• _RECORDED DATA_

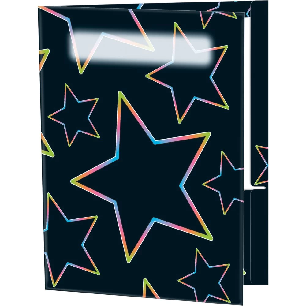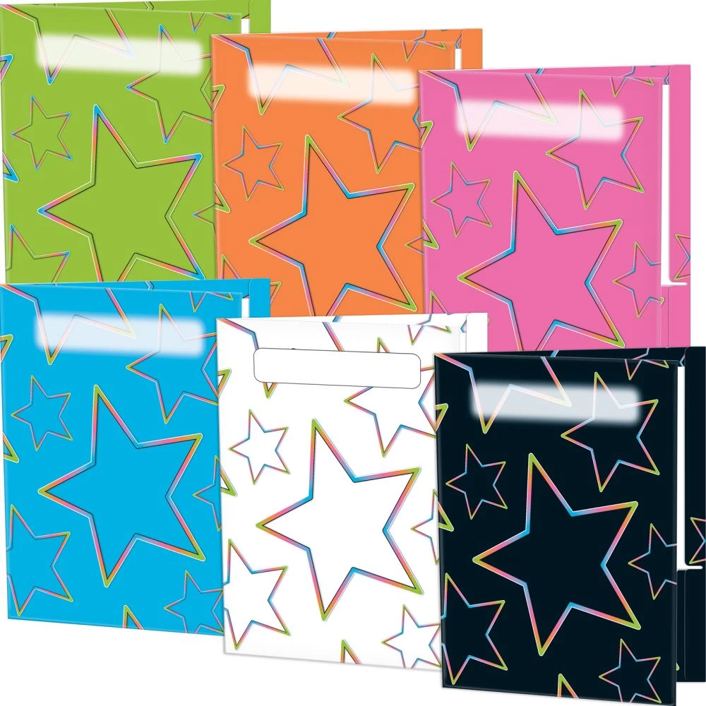 This set of 12 two-pocket folders will brighten your classroom with its star design in six Neon Pop colors. It’s a great way to color-code by student groups or subjects.*Laminated For Durability: These sturdy folders are made to last all year.*Customizable: The front cover has a space for the student’s name, and the pockets have a blank area to label any way you like.*Color-Coded For Easy Organization: This set of 12 includes two folders in six different Neon Pop colors and mdash;perfect for color-coding.*Complements The Rest Of Our Neon Pop Line: These bright folders fit right into your Neon Pop decorating scheme. Check out our plastic organizers in complementary neon colors (sold separately)!Order these bright folders to add color to your classroom while helping students stay organized.
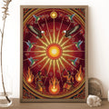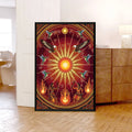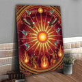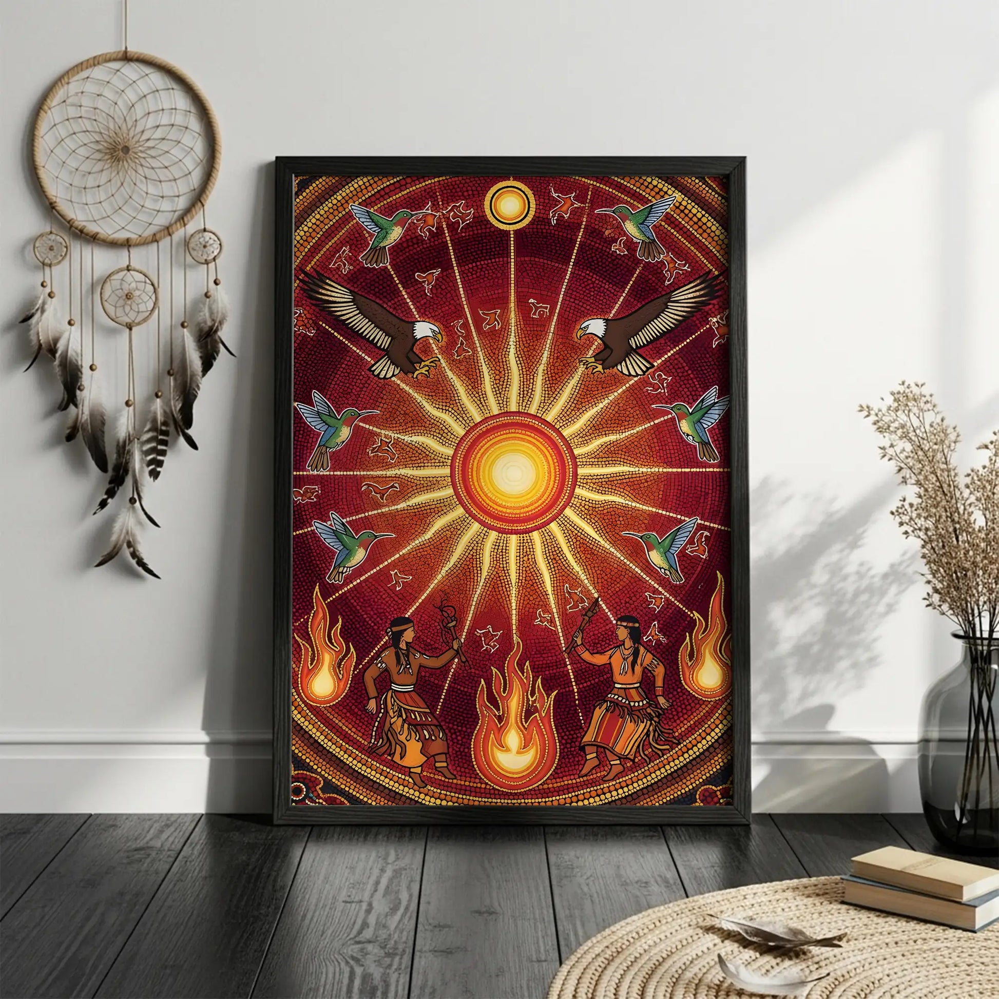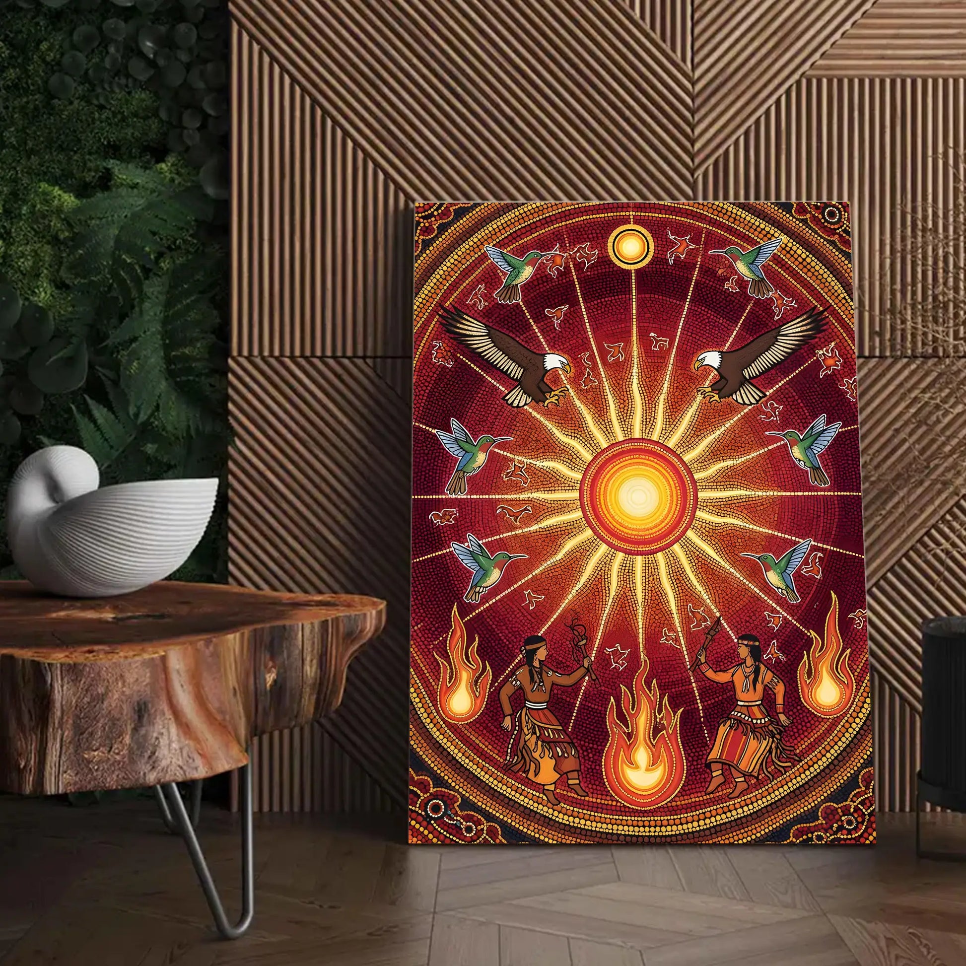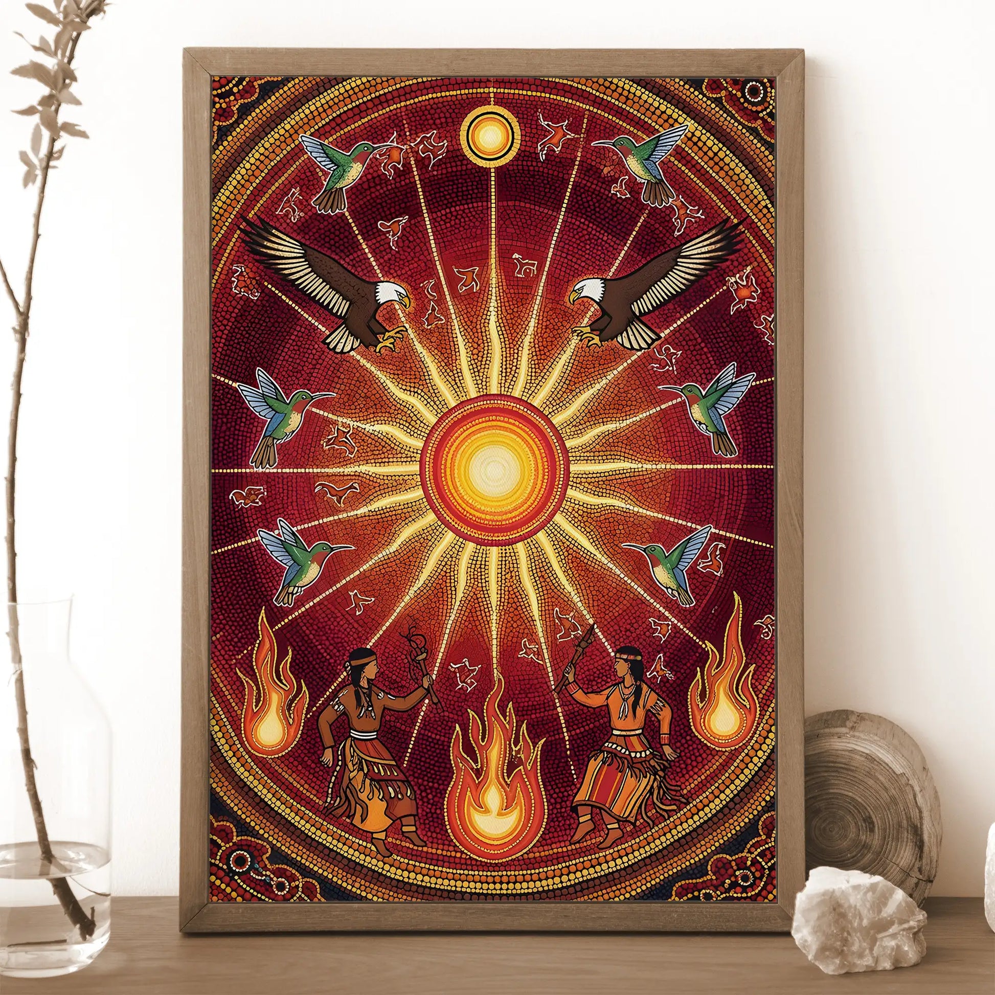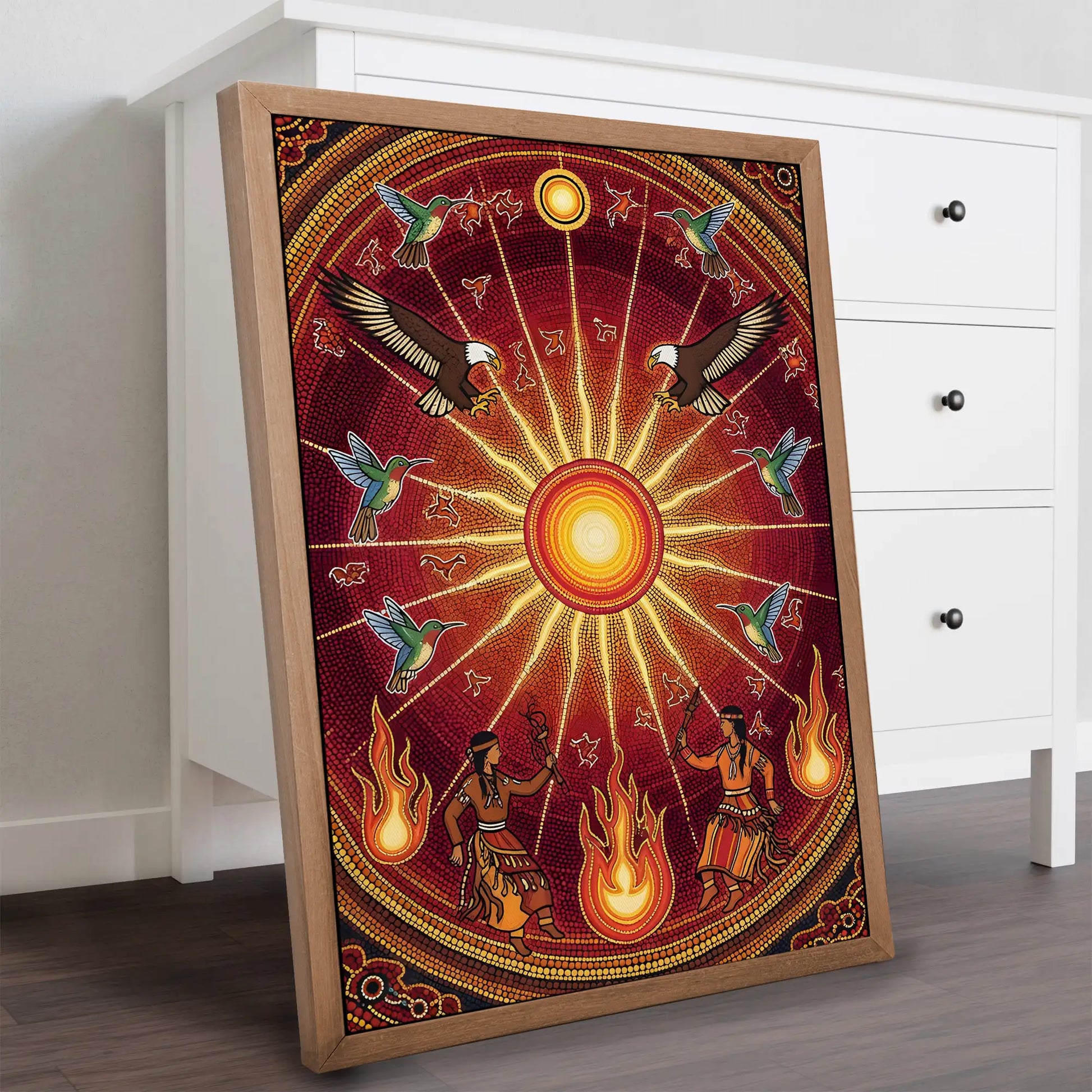 This canvas artwork draws inspiration from the sacred Sun Dance ceremonies of indigenous tribes from the Great Plains, where the sun represents life, renewal, and spiritual connection. At the center, the radiant sun shines with powerful energy, surrounded by eagles symbolizing vision and strength, and hummingbirds representing joy and resilience. Below, tribal dancers move with fire, embodying the harmony between earth and sky. The circular composition reflects the cycles of nature and the eternal bond between humanity and the universe. This artwork brings vibrant energy, cultural depth, and spiritual meaning to any home, meditation, or ceremonial space.
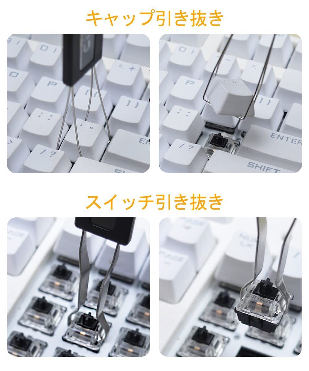 【キーキャップ引抜】手間が減れる引き抜きやすい!2本のステンレスワイヤーでキーキャップを挟み込み、力入れすぎずに上へ引き抜くだけで完了!
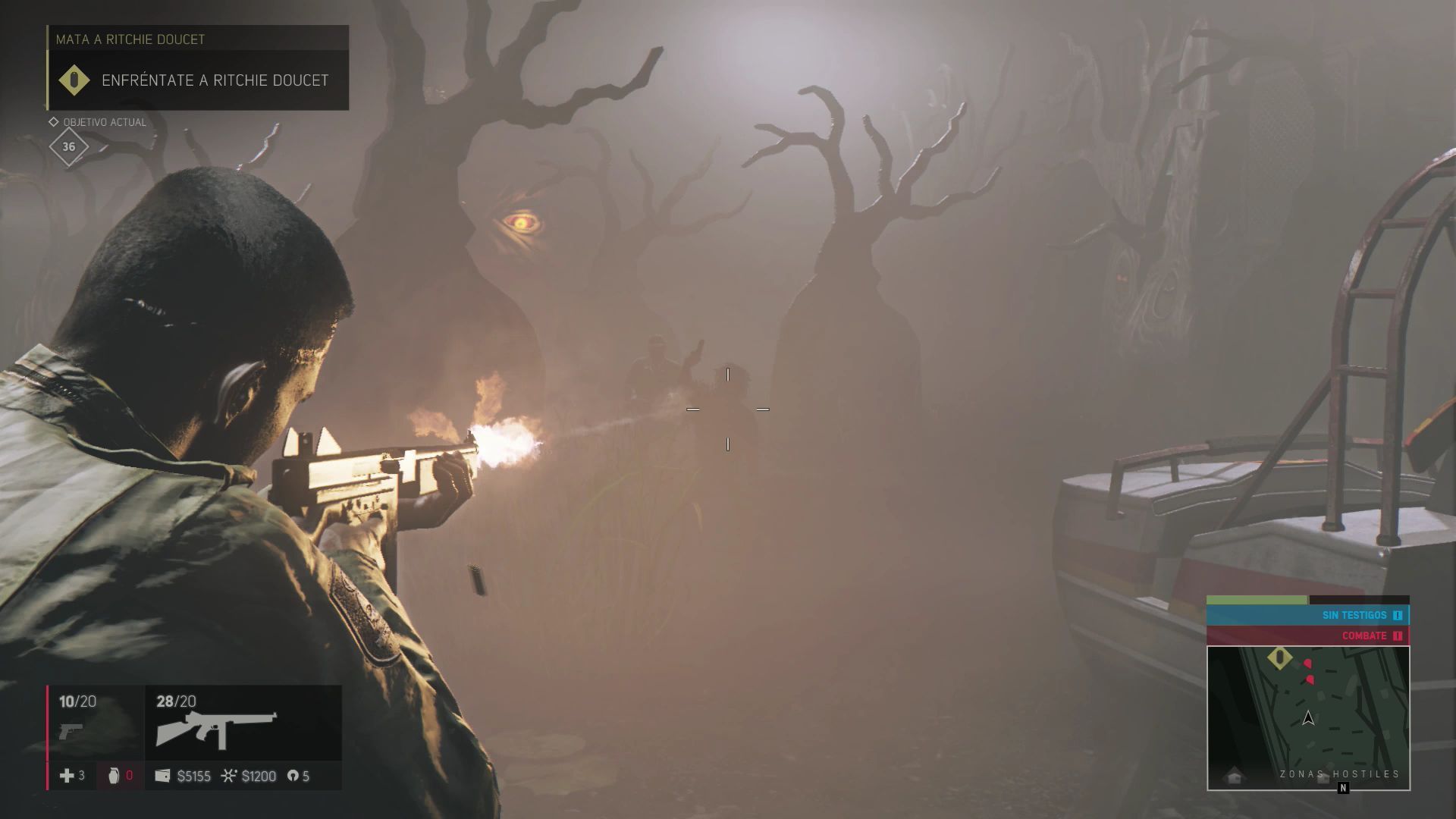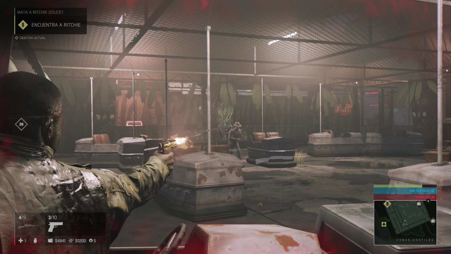 Dentro de la casa del terror serás emboscado por varios grupos de guardias. Sigue avanzando hasta llegar al final y sube las escaleras para llegar al despacho en el que está Ritchie. Al abrir la puerta acaba primero con el guardia de la derecha y luego dispara algunas veces al objetivo principal para que caiga herido al suelo y acércate para acabar su vida.

• _DIRECTIONS FOR THIS TASK_
Output all the material exactly. The pictures are to be left out.

• _RESPONSE BOX_
 This set of 12 two-pocket folders will brighten your classroom with its star design in six Neon Pop colors. It’s a great way to color-code by student groups or subjects.*Laminated For Durability: These sturdy folders are made to last all year.*Customizable: The front cover has a space for the student’s name, and the pockets have a blank area to label any way you like.*Color-Coded For Easy Organization: This set of 12 includes two folders in six different Neon Pop colors and mdash;perfect for color-coding.*Complements The Rest Of Our Neon Pop Line: These bright folders fit right into your Neon Pop decorating scheme. Check out our plastic organizers in complementary neon colors (sold separately)!Order these bright folders to add color to your classroom while helping students stay organized.
 This canvas artwork draws inspiration from the sacred Sun Dance ceremonies of indigenous tribes from the Great Plains, where the sun represents life, renewal, and spiritual connection. At the center, the radiant sun shines with powerful energy, surrounded by eagles symbolizing vision and strength, and hummingbirds representing joy and resilience. Below, tribal dancers move with fire, embodying the harmony between earth and sky. The circular composition reflects the cycles of nature and the eternal bond between humanity and the universe. This artwork brings vibrant energy, cultural depth, and spiritual meaning to any home, meditation, or ceremonial space.
 【キーキャップ引抜】手間が減れる引き抜きやすい!2本のステンレスワイヤーでキーキャップを挟み込み、力入れすぎずに上へ引き抜くだけで完了!
 Dentro de la casa del terror serás emboscado por varios grupos de guardias. Sigue avanzando hasta llegar al final y sube las escaleras para llegar al despacho en el que está Ritchie. Al abrir la puerta acaba primero con el guardia de la derecha y luego dispara algunas veces al objetivo principal para que caiga herido al suelo y acércate para acabar su vida.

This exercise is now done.